How to complete this task: For this exercise, the lines from the one with "Beim Schulhaus Steinacher" through the final line of the data below are to be transcribed exactly, and pictures are to be skipped.

[Opening Data provided section]

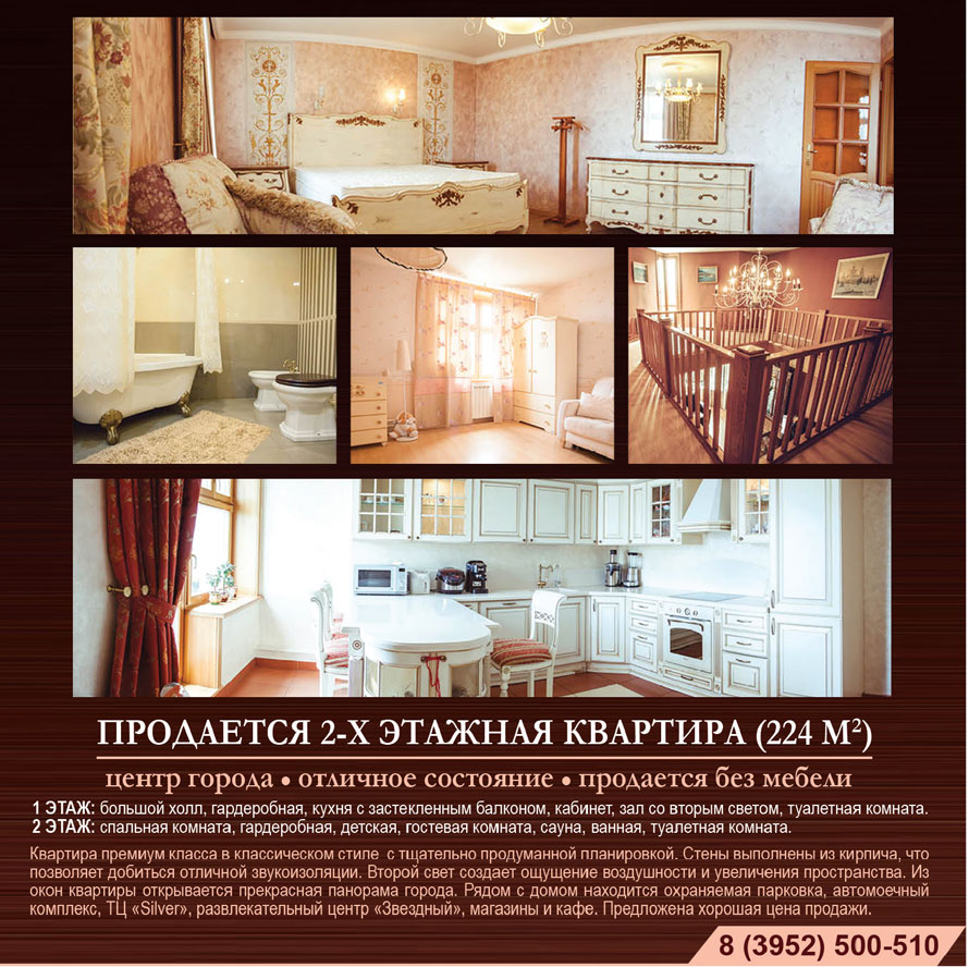 Продается 2-х этажная квартира премиум класса! г.Иркутск, центр города, отличное состояние, продается без мебели.
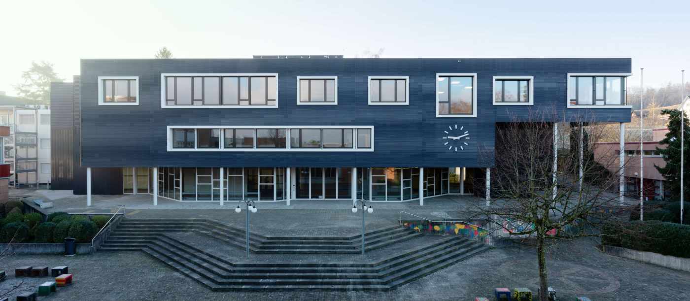Beim Schulhaus Steinacher in Wädenswil wurden eine Aufstockung, Umbau und Liftanbau geplant und realisiert. Im Zuge der Umbauarbeiten wurde ebenfalls die Erdbebensicherheit überprüft. Die schlanken Erdbebenertüchtigungsmassnahmen der HTB Ingenieure AG überzeugten Architekt und Bauherrschaft. In einem zweiten Schritt durfte die Projektierung und Ausführung übernommen werden. Die Lasten der Aufstockung in Holzbau konnten direkt über die bestehende Tragstruktur abgeleitet werden. Die Pfahlfundation übernimmt die Vertikallasten der seitlich auskragenden Aufstockung über zweigeschossige Fertigbetonstützen.
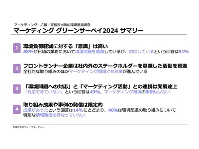 今回の調査結果から、マーケティング領域における環境配慮への意識と実践にはギャップがあり、業種・業界による違いはあるものの全体の取り組みが限定的であることが明らかになりました。

[Closing Data provided section]

Solution to the problem:
Beim Schulhaus Steinacher in Wädenswil wurden eine Aufstockung, Umbau und Liftanbau geplant und realisiert. Im Zuge der Umbauarbeiten wurde ebenfalls die Erdbebensicherheit überprüft. Die schlanken Erdbebenertüchtigungsmassnahmen der HTB Ingenieure AG überzeugten Architekt und Bauherrschaft. In einem zweiten Schritt durfte die Projektierung und Ausführung übernommen werden. Die Lasten der Aufstockung in Holzbau konnten direkt über die bestehende Tragstruktur abgeleitet werden. Die Pfahlfundation übernimmt die Vertikallasten der seitlich auskragenden Aufstockung über zweigeschossige Fertigbetonstützen.
 今回の調査結果から、マーケティング領域における環境配慮への意識と実践にはギャップがあり、業種・業界による違いはあるものの全体の取り組みが限定的であることが明らかになりました。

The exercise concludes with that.